Step 6: Compare the test statistic with the critical value:
If the absolute value of the test statistic is greater than the critical value, we reject the null hypothesis and conclude that there is a significant difference between the mean delivery times of the two courier services. Otherwise, we fail to reject the null hypothesis.

I will now calculate the test statistic, critical value, and degrees of freedom.

To test the hypothesis that there is no difference between the mean delivery times of the two courier services, we can use a two-sample t-test.

Here are the steps to calculate the test statistic and critical value:

1. Define the null and alternative hypotheses:
- Null hypothesis (H₀): The mean delivery times of Courier Service A and Courier Service B are the same.
- Alternative hypothesis (H₁): The mean delivery times of Courier Service A and Courier Service B are different.

2. Calculate the test statistic using the formula:
t = (x₁ - x₂) / sqrt((s₁² / n₁) + (s₂² / n₂))
where:
- x₁ and x₂ are the sample means of Courier Service A and Courier Service B, respectively.
- s₁ and s₂ are the sample standard deviations of Courier Service A and Courier Service B, respectively.
- n₁ and n₂ are the sample sizes of Courier Service A and Courier Service B, respectively.

In this case,
x₁ = 42 minutes, x₂ = 38 minutes,
s₁ = 14 minutes, s₂ = 10 minutes,
n₁ = 60 times, n₂ = 48 times.

Plugging in these values:
t = (42 - 38) / sqrt((14² / 60) + (10² / 48))

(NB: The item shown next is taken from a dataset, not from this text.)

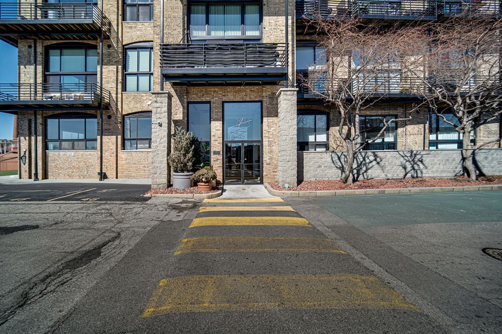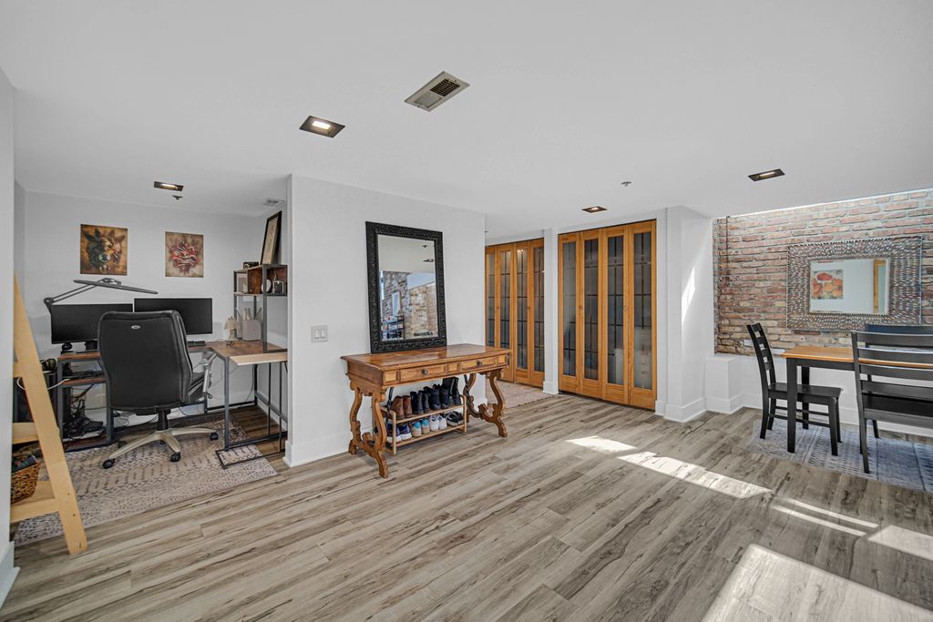 Welcome home to this beautiful 1 bed/1.5 bath loft with a potential second bedroom!! This corner unit boasts 18 foot ceilings, exposed brick, tons of natural light, an open floor plan, new luxury vinyl flooring (2023), with a newly updated kitchen (2023). The kitchen features quartz countertops (2023), matte black shaker cabinets (2023), stainless steel appliances, and large waterfall kitchen island (2023). This home is equipped with a dining area, a separate den space perfect for an office or potential second bedroom, in-unit laundry, and a large living room complete with a wood-burning fireplace. The living room opens up into a large private patio. Upstairs you'll find the primary lofted bedroom with brand new carpet, an ensuite bathroom and large walk-in closet. This unit comes with one gated parking space, new A/C (2024), new furnace (2024), and is perfectly situated near tons of shopping, grocery stores, and is conveniently located near the highway. Come make this loft your home!

3. Determine the degrees of freedom (df) using the formula:
df = (s₁² / n₁ + s₂² / n₂)² / ((s₁² / n₁)² / (n₁ - 1) + (s₂² / n₂)² / (n₂ - 1))

In this case,
df = (14² / 60 + 10² / 48)² / ((14² / 60)² / (60 - 1) + (10² / 48)² / (48 - 1))

4. Calculate the critical value at a 5% significance level (α = 0.05) for a two-tailed test with the degrees of freedom (df) obtained in step 3. This critical value will determine the rejection region.

You can use a t-distribution table or a statistical software to find the critical value. The critical value depends on the significance level and degrees of freedom.

5. Compare the test statistic from step 2 with the critical value from step 4:
- If the test statistic falls within the non-rejection region, we fail to reject the null hypothesis.
- If the test statistic falls within the rejection region, we reject the null hypothesis.

Thus, to answer your question, the critical value needs to be calculated using the degrees of freedom obtained in step 3 and a t-distribution table or statistical software.